EXERCISE DATA:
-.-.-
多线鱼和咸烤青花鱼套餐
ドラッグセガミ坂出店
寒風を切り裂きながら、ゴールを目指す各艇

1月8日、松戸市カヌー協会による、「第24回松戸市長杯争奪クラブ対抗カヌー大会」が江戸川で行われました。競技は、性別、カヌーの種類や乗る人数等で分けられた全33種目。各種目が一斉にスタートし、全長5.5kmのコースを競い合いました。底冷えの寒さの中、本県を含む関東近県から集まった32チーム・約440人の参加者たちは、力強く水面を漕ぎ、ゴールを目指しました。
-.-.-
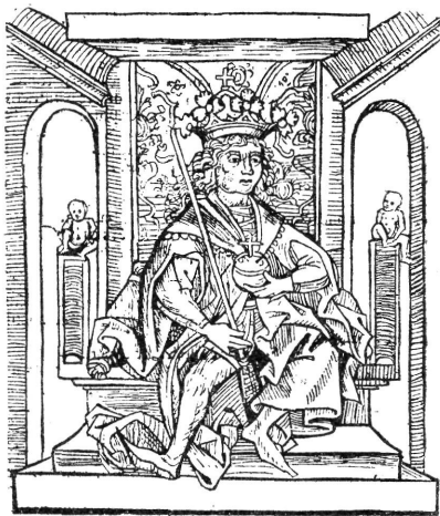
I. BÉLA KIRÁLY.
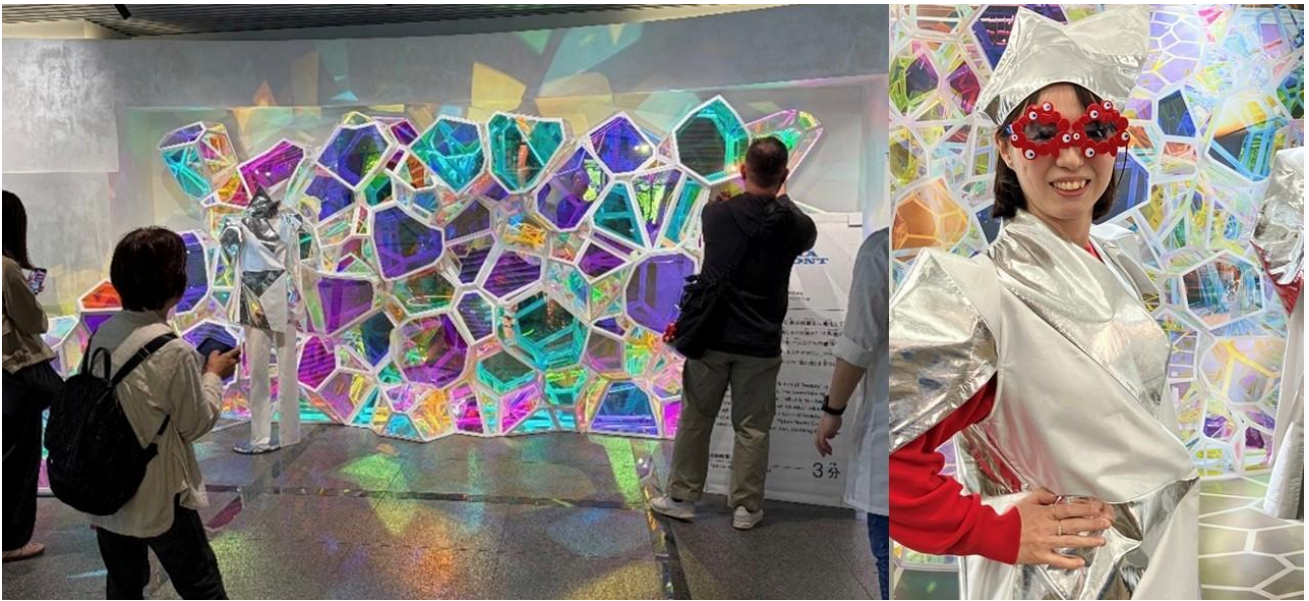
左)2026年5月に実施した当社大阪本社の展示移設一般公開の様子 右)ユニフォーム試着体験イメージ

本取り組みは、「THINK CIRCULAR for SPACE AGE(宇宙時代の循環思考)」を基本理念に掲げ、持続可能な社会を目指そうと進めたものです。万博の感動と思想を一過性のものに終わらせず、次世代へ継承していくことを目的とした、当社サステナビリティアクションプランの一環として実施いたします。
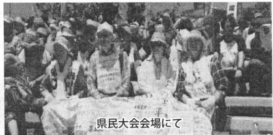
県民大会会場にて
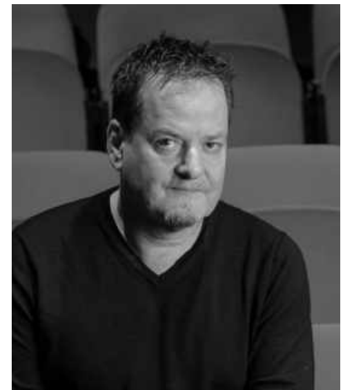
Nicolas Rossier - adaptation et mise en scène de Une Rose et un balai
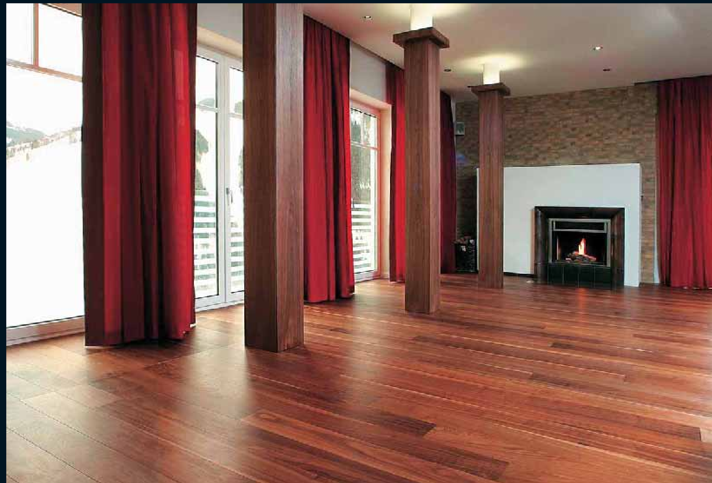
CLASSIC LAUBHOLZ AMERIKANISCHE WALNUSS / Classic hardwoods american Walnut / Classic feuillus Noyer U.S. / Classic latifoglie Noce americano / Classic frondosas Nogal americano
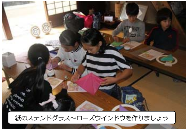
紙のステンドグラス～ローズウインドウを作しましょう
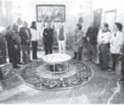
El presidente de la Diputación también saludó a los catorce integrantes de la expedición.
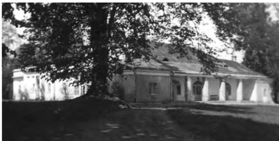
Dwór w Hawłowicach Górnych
-.-.-
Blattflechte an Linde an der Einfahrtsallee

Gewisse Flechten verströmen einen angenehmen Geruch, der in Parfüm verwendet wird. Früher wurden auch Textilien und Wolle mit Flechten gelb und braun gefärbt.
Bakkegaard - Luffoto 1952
-.-.-
WORK INSTRUCTIONS: Among the entries above, take the line with "CLASSIC LAUBHOLZ AMERIKANISCHE", the line with "Dwór w Hawłowicach Górnych", and all the lines between them, and restate them word for word without pictures.

RESPONSE FOR THIS EXERCISE:
CLASSIC LAUBHOLZ AMERIKANISCHE WALNUSS / Classic hardwoods american Walnut / Classic feuillus Noyer U.S. / Classic latifoglie Noce americano / Classic frondosas Nogal americano
紙のステンドグラス～ローズウインドウを作しましょう
El presidente de la Diputación también saludó a los catorce integrantes de la expedición.
Dwór w Hawłowicach Górnych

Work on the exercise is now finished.